Article Text
Abstract
Objectives Although T cells have been implicated in the pathogenesis of systemic sclerosis (SSc), a comprehensive study of T-cell-mediated immune responses in the affected skin of patients with progressive SSc is lacking. Droplet-based single-cell transcriptome analysis of SSc skin biopsies opens avenues for dissecting patient-specific T-cell heterogeneity, providing a basis for identifying novel gene expression related to functional pathways associated with severity of SSc skin disease.
Methods Single-cell RNA sequencing was performed by droplet-based sequencing (10x Genomics), focusing on 3729 CD3+ lymphocytes (867 cells from normal and 2862 cells from SSc skin samples) from skin biopsies of 27 patients with active SSc and 10 healthy donors. Confocal immunofluorescence microscopy of progressive SSc skin samples validated transcriptional results and visualised spatial localisations of T-cell subsets.
Results We identified several subsets of recirculating and tissue-resident T cells in healthy and SSc skin that were associated with distinct signalling pathways. While most clusters shared a common gene expression signature between patients and controls, we identified a unique cluster of recirculating CXCL13+ T cells in SSc skin which expressed a T helper follicular-like gene expression signature and that appears to be poised to promote B-cell responses within the inflamed skin of patients.

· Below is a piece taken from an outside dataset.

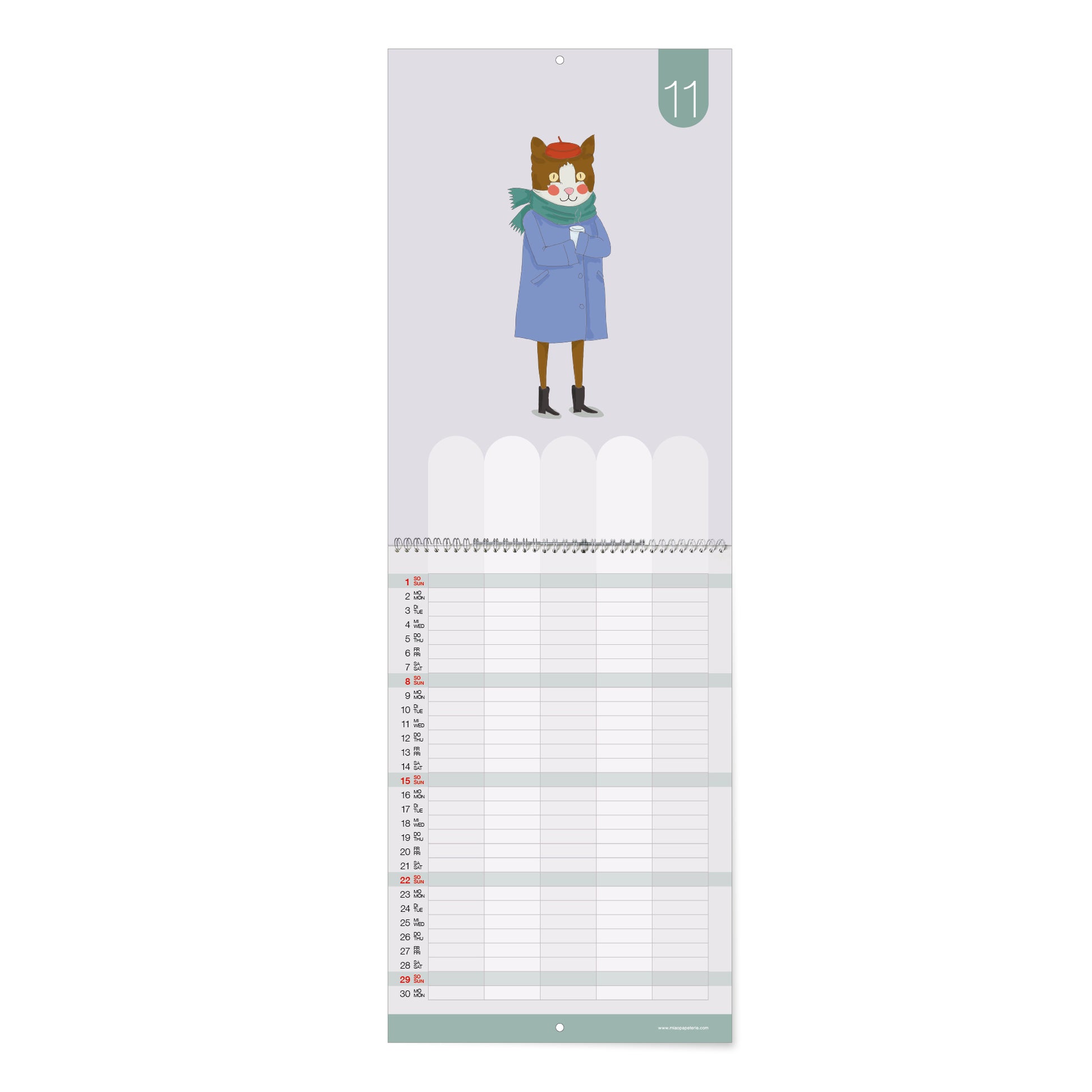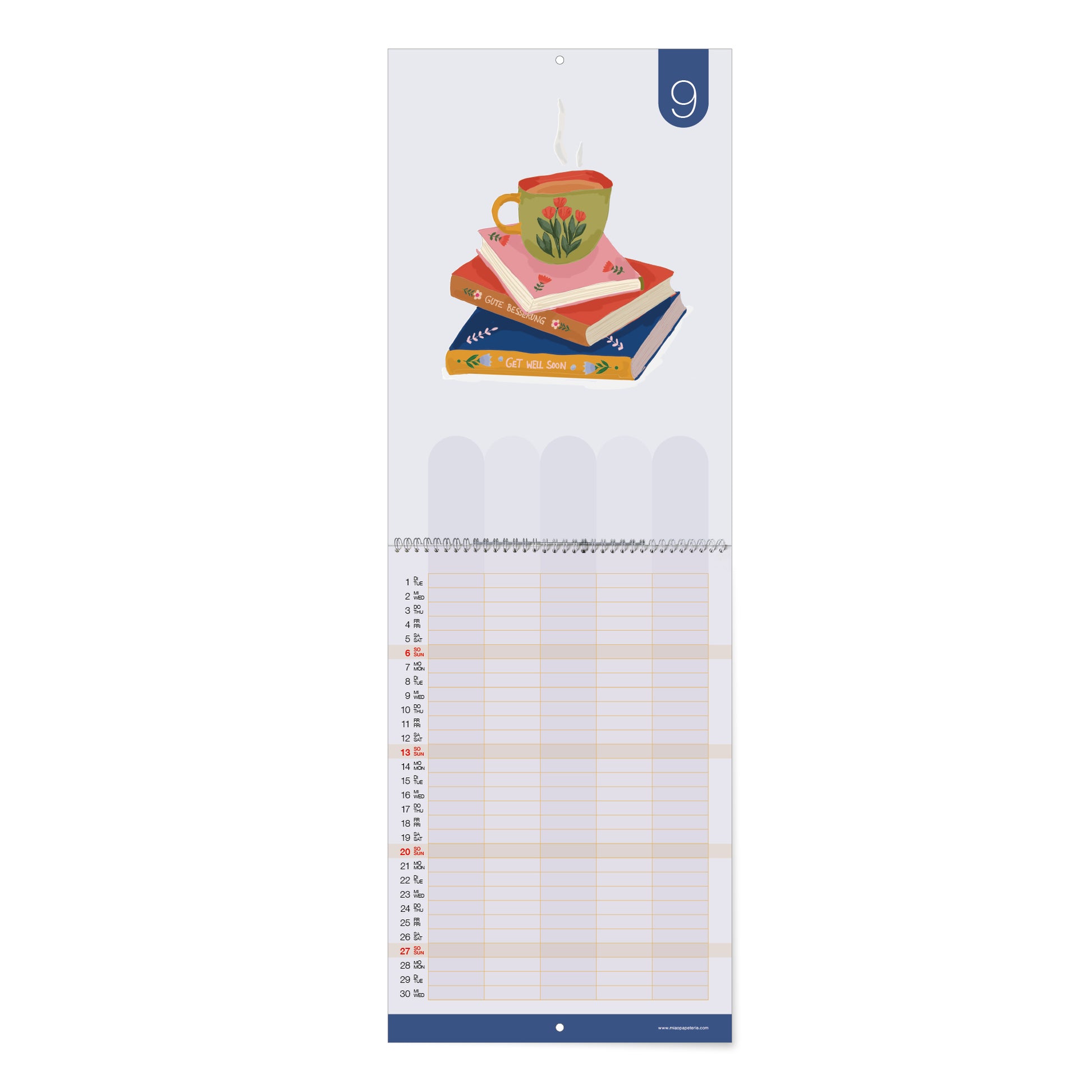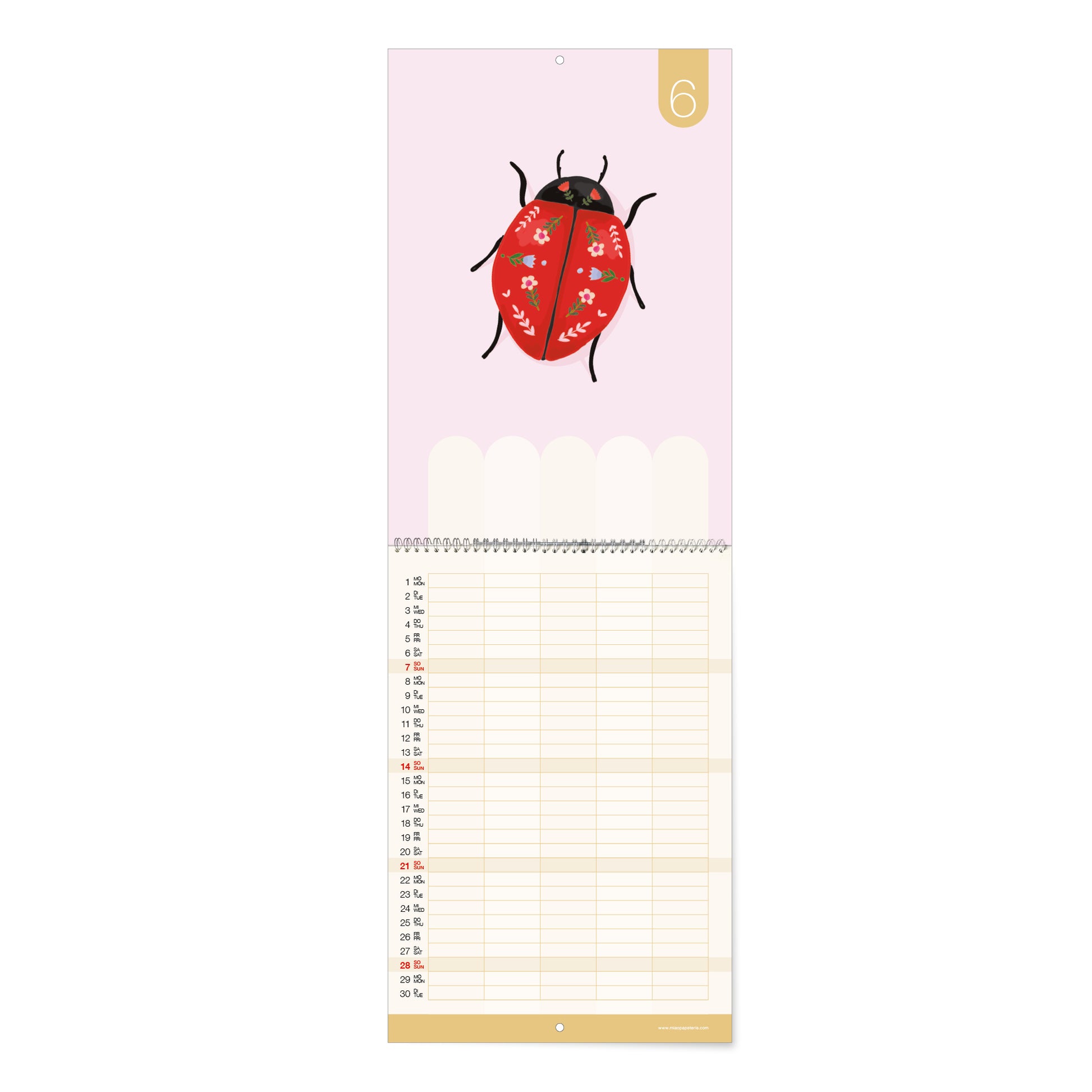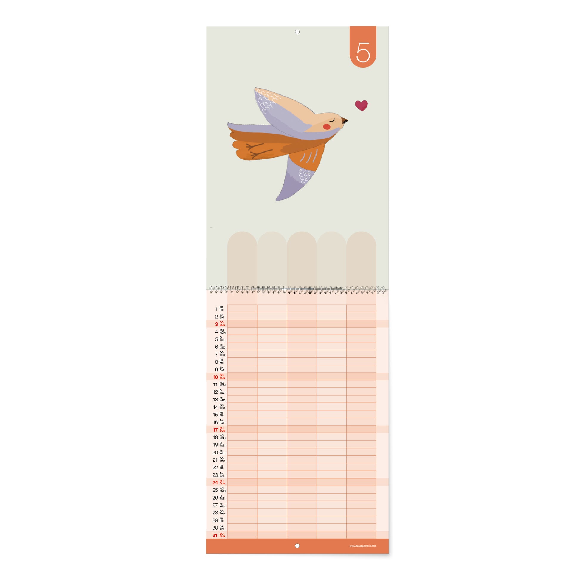 Der Kalender bietet 5 Spalten für eine klare und einfache Planung von Familie, WG oder Team. 12 liebevoll gestaltete Monatsmotive begleiten dich durchs Jahr und machen jede Seite zu einem kleinen Highlight.

Conclusions Current available therapies to reverse or even slow progression of SSc lead to broad killing of immune cells and consequent toxicities, including death. Identifying the precise immune mechanism(s) driving SSc pathogenesis could lead to innovative therapies that selectively target the aberrant immune response, resulting in better efficacy and less toxicity.
- systemic sclerosis
- T-lymphocyte subsets
- autoimmune diseases
Data availability statement
Data are available in a public, open access repository. All scRNA-seq data have been deposited in the Gene Expression Omnibus: GSE138669.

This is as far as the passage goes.